::: Data for processing

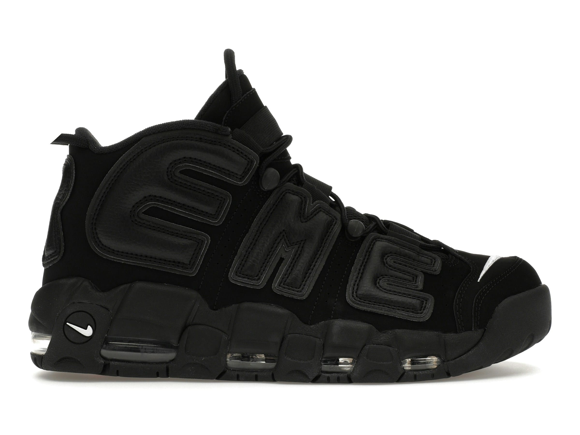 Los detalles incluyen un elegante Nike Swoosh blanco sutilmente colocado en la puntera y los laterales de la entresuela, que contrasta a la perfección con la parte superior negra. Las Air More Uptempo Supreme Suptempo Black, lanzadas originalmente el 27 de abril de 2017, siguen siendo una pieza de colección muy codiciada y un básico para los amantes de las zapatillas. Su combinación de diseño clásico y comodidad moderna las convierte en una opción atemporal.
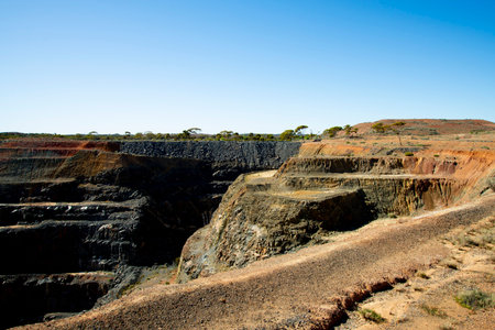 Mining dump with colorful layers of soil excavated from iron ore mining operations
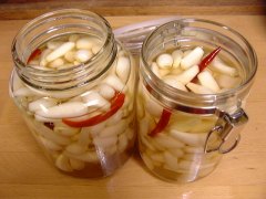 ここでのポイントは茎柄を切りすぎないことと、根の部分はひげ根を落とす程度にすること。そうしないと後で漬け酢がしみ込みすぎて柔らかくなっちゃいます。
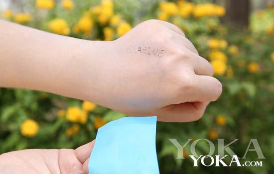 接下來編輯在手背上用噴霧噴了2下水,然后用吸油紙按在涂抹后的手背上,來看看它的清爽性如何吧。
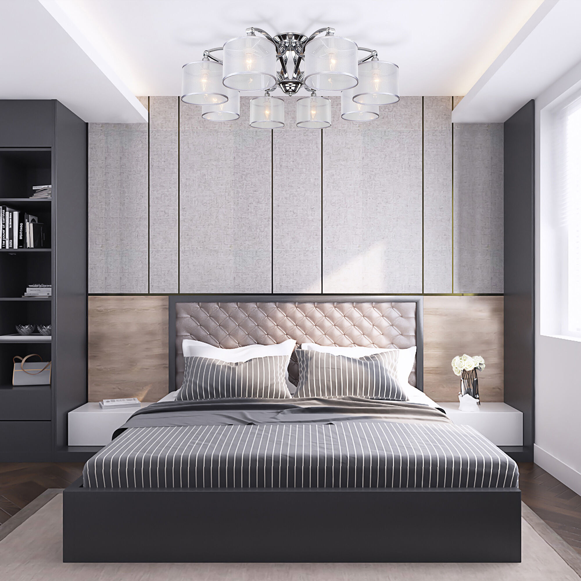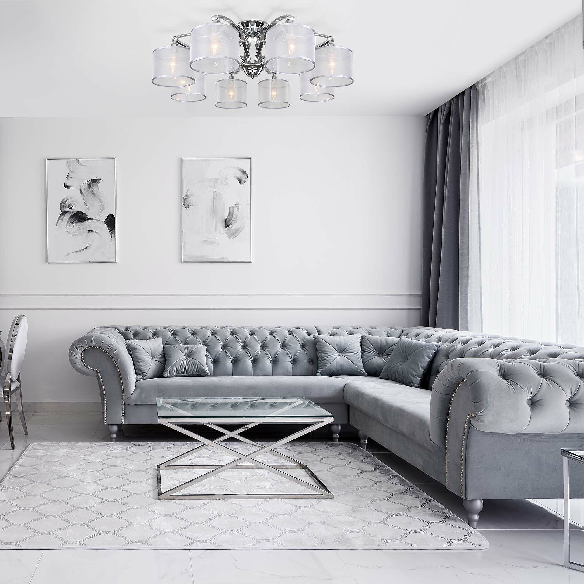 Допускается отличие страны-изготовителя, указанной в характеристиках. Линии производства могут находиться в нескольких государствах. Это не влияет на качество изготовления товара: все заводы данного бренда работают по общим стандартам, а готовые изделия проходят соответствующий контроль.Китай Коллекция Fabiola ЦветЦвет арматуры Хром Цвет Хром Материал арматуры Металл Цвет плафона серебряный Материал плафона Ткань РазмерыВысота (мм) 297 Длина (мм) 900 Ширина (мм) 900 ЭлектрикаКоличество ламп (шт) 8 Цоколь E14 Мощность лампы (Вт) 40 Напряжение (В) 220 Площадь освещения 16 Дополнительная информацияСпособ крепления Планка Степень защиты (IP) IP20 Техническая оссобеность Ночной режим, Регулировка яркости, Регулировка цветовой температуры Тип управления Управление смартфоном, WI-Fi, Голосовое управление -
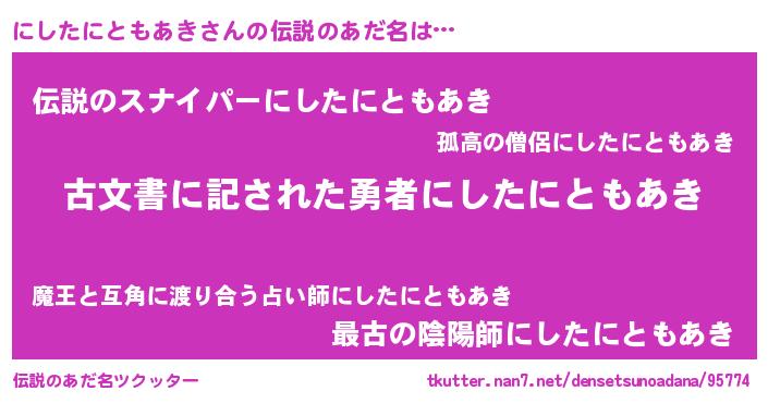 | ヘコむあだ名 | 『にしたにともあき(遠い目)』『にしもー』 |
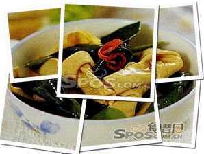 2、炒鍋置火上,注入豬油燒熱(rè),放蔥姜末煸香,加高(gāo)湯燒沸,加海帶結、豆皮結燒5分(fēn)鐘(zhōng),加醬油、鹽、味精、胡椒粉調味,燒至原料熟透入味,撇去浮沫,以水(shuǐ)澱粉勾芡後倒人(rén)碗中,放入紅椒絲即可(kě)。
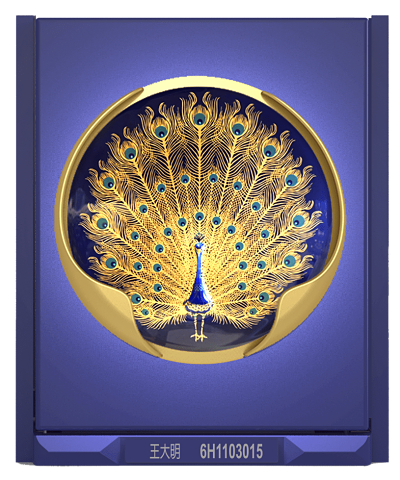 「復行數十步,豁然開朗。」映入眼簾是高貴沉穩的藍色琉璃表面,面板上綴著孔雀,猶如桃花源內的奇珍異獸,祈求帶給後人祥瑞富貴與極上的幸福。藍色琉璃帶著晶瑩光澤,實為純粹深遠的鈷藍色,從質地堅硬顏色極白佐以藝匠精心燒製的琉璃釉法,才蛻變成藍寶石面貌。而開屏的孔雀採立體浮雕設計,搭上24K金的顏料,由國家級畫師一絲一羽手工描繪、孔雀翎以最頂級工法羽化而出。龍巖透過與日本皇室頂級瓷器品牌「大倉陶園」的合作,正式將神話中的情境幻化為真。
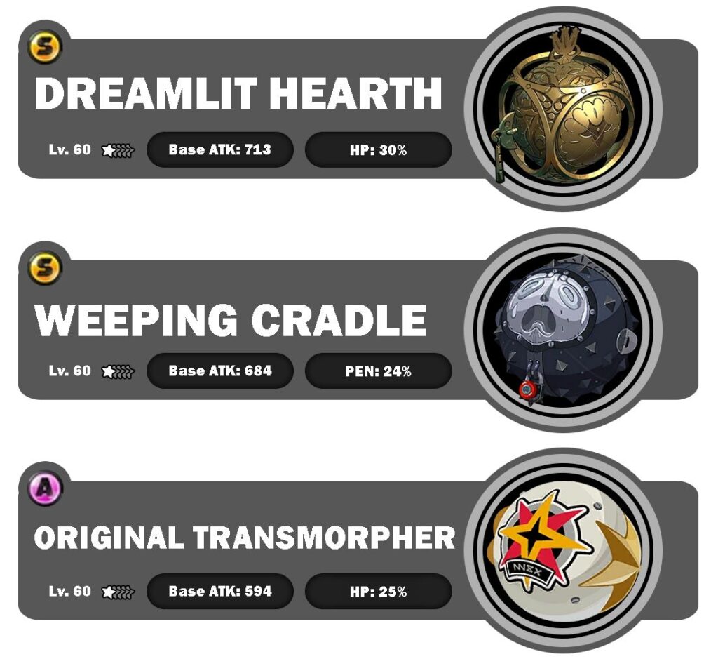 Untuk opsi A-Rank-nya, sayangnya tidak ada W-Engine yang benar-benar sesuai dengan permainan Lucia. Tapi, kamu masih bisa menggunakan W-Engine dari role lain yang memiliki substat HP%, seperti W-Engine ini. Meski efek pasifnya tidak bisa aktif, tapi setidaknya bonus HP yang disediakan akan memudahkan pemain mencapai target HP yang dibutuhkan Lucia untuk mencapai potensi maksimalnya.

::::::

**Exercise:** Copy only the lines running from the one that holds "2、炒鍋置火上,注入豬油燒熱" through the last line of the data, and include both of those lines. Do not copy any pictures.

**Reply to the exercise:**
 2、炒鍋置火上,注入豬油燒熱(rè),放蔥姜末煸香,加高(gāo)湯燒沸,加海帶結、豆皮結燒5分(fēn)鐘(zhōng),加醬油、鹽、味精、胡椒粉調味,燒至原料熟透入味,撇去浮沫,以水(shuǐ)澱粉勾芡後倒人(rén)碗中,放入紅椒絲即可(kě)。
 「復行數十步,豁然開朗。」映入眼簾是高貴沉穩的藍色琉璃表面,面板上綴著孔雀,猶如桃花源內的奇珍異獸,祈求帶給後人祥瑞富貴與極上的幸福。藍色琉璃帶著晶瑩光澤,實為純粹深遠的鈷藍色,從質地堅硬顏色極白佐以藝匠精心燒製的琉璃釉法,才蛻變成藍寶石面貌。而開屏的孔雀採立體浮雕設計,搭上24K金的顏料,由國家級畫師一絲一羽手工描繪、孔雀翎以最頂級工法羽化而出。龍巖透過與日本皇室頂級瓷器品牌「大倉陶園」的合作,正式將神話中的情境幻化為真。
 Untuk opsi A-Rank-nya, sayangnya tidak ada W-Engine yang benar-benar sesuai dengan permainan Lucia. Tapi, kamu masih bisa menggunakan W-Engine dari role lain yang memiliki substat HP%, seperti W-Engine ini. Meski efek pasifnya tidak bisa aktif, tapi setidaknya bonus HP yang disediakan akan memudahkan pemain mencapai target HP yang dibutuhkan Lucia untuk mencapai potensi maksimalnya.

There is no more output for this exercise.